The Staves photo 1

“There are loads of really cool sister bands at the moment – Haim and First Aid Kit – there’s something to be said for blood harmonies,” Emily Staveley-Taylor tells me.  Emily is one-third of English sister trio The Staves (along with Jessica and Camilla).  I had just asked her if she has any particular favorite sibling acts, at which point she initially offered a sigh of relief, saying “Oh, my god, I thought you were going to ask if I have a favorite sibling.”  I chatted with Emily from the final Saturday of this year’s SXSX, where she seemed to be more relaxed and enthusiastic than any other act I talked to who attended the Austin music festival this year (Of course, it wasn’t her first time.)
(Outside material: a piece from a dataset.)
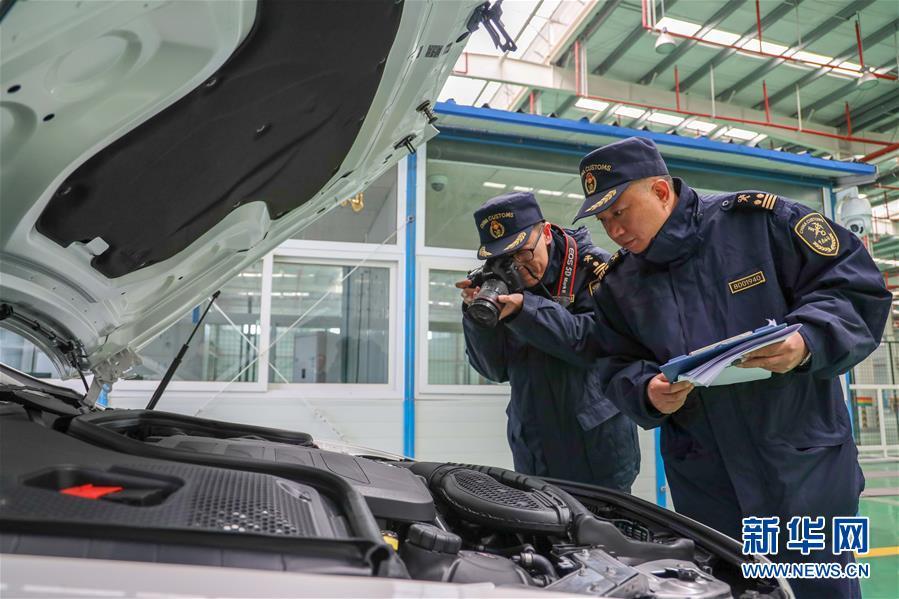 11月19日,重慶海關(guān)的工作人員在口岸車檢中心對(duì)首趟中歐班列商品車專用車運(yùn)輸國際班列運(yùn)輸?shù)倪M(jìn)口整車進(jìn)行查驗(yàn)。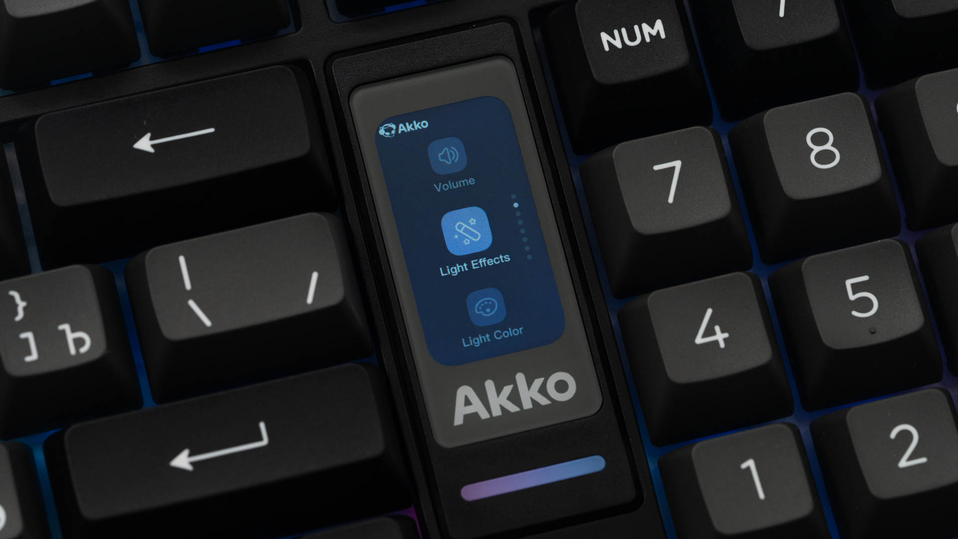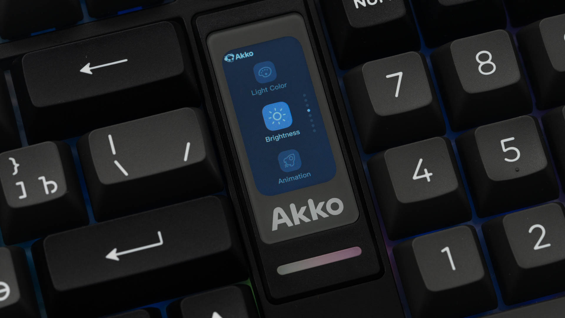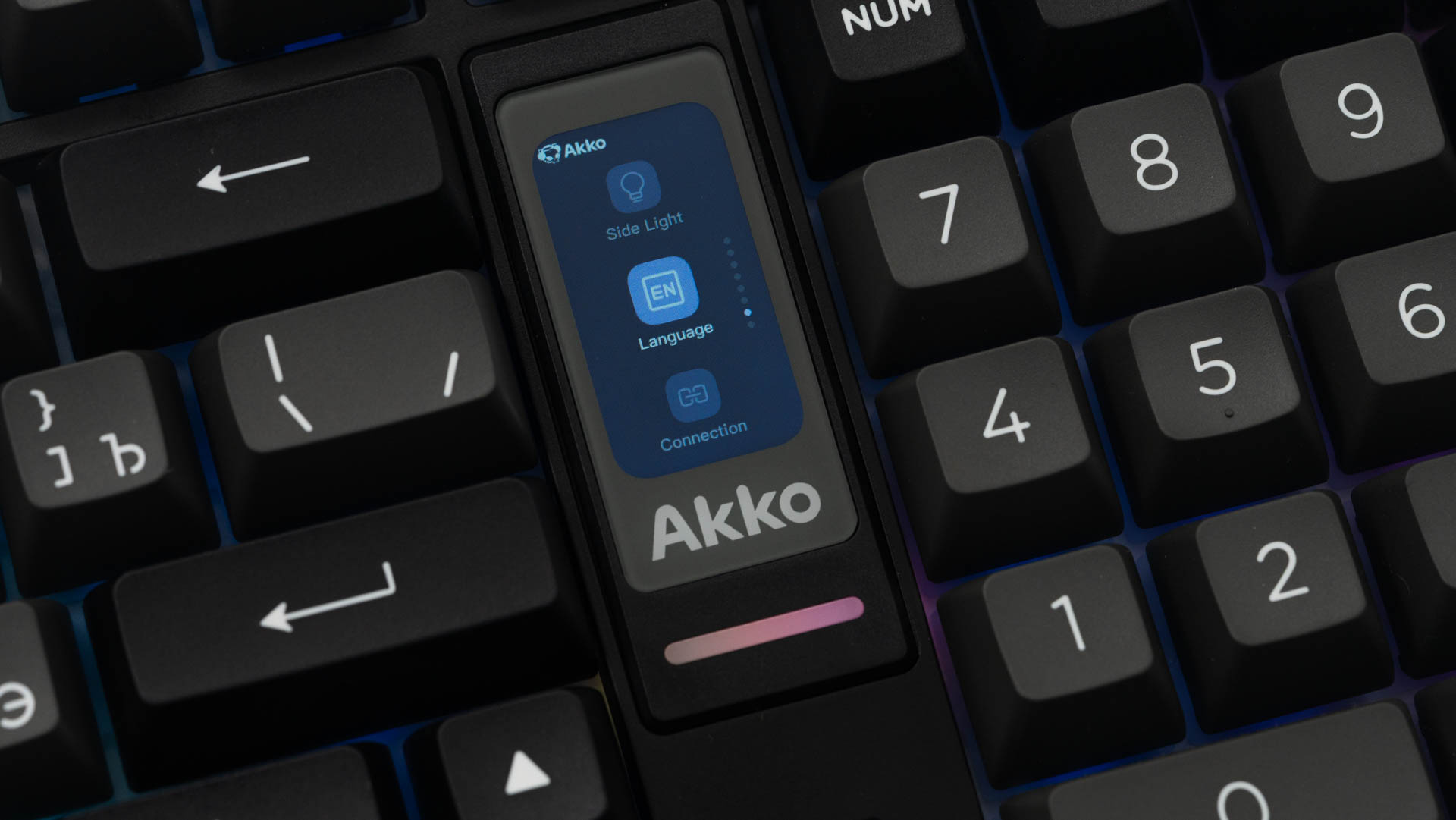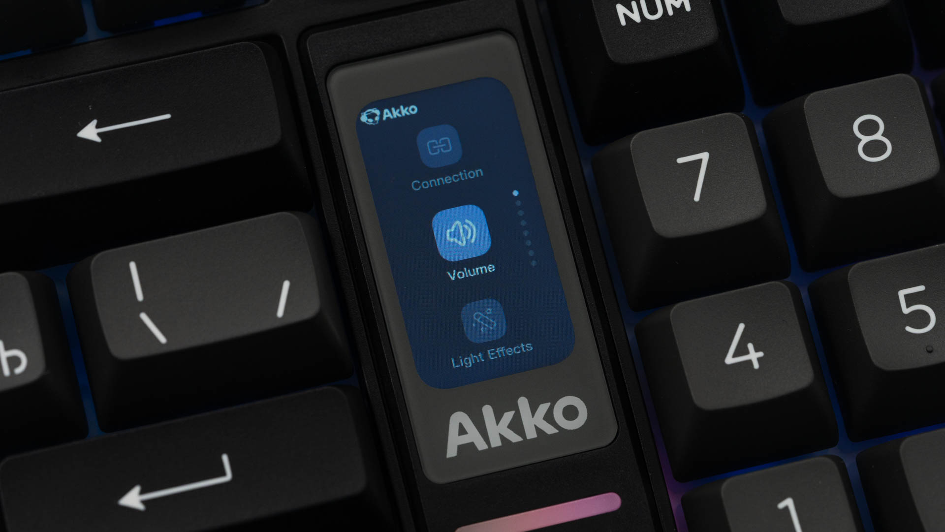 Ключевыми элементами, определяющими облик клавиатуры, стали интегрированный мультимедийный роллер для контроля громкости и 1.47-дюймовый TFT-экран. Размещение этих компонентов потребовало пересмотра традиционной компоновки: клавиши управления (Del, Home, End) интегрированы в функциональный ряд, а такие кнопки, как Ins, PgUp и PgDn, вынесены за его пределы. В результате удалось обеспечить расширенный набор функций, не увеличивая общие размеры.

“It’s been a really good one this year… We saw Half Moon Run.  They played at the church and that was just amazing… We saw the Haim girls last night and they’re playing again tonight. We’re gonna tear it up with them.”

This Tuesday, March 19th, The Staves debut LP will finally see its release this side of the Atlantic courtesy of… well, Atlantic Records.  The album, Dead & Born & Grown, contains songs that were composed and recorded throughout the past three years, some of which have even been previously released: “Some of the songs are the first we ever wrote and some were written just recently.”  The album’s sound blends traditional Americana with a certain sun-kissed aesthetic reminiscent of Southern California.  The songs tend to be short, simple, and to-the-point, without a hint of pomp or pretentions.  In addition to appropriating a number of more traditional folk sounds, The Staves also took a more traditional approach to the album’s recording: “We tried to make a very honest record.  We recorded it all live, sitting in one room.  Vocals are at the forefront, the guitars are at the forefront, there are no special effects.”

Emily tells me that the sisters’ biggest musical influence has always been the Fab 4… although not necessarily for the same reasons so many musicians would tend to agree: “I think the Beatles are really underrated as a harmony band.  And they’re a band that makes real albums.  Now we live in a time when you just download an MP3 of one song, but that’s not how I like to experience music.”  However, she says that likely the most significant influence is, “The amount we’ve been traveling and the people we meet on the road.”  The band have already toured alongside some pretty huge acts, including Bon Iver (who called them “The best live singing group I’ve ever heard.”) and the Civil Wars and, according to Emily, those times are some of the most influential she’s experienced in recent years: “They’re such intense experiences of being on the road and being in each others’ pockets… and you really get to know these people… and then maybe you never see them again.”  She tells me that one of the highlights of touring was getting to open for Bon Iver and Feist at Red Rocks: “We’re huge Feist fans and she’s just the coolest cat in town.”

Although The Staves are yet to get the full Philthy experience, Emily does tell me she is a fan of the City of Brotherly Love and Sisterly Affection: “I slept in the camper in the van on the street that night, so we never had time to fully explore, but Philadelphia’s great… Philadelphia and Seattle… there’s a special European feel there that you don’t get in New York, or certainly not on most of the West Coast.”  However, The Staves will likely be back around when they tour the US in May and June.  In addition, they will be playing with a full band for the first time in the US, as opposed to the three sisters doing it acoustic.  And as far as their plans for the rest of the year, Emily seems to be quite thankful for the current state of the band and have few worries: “The hope is just to carry on doing what we’re doing.  Every time we get to record or be out on the road is just the greatest thing.”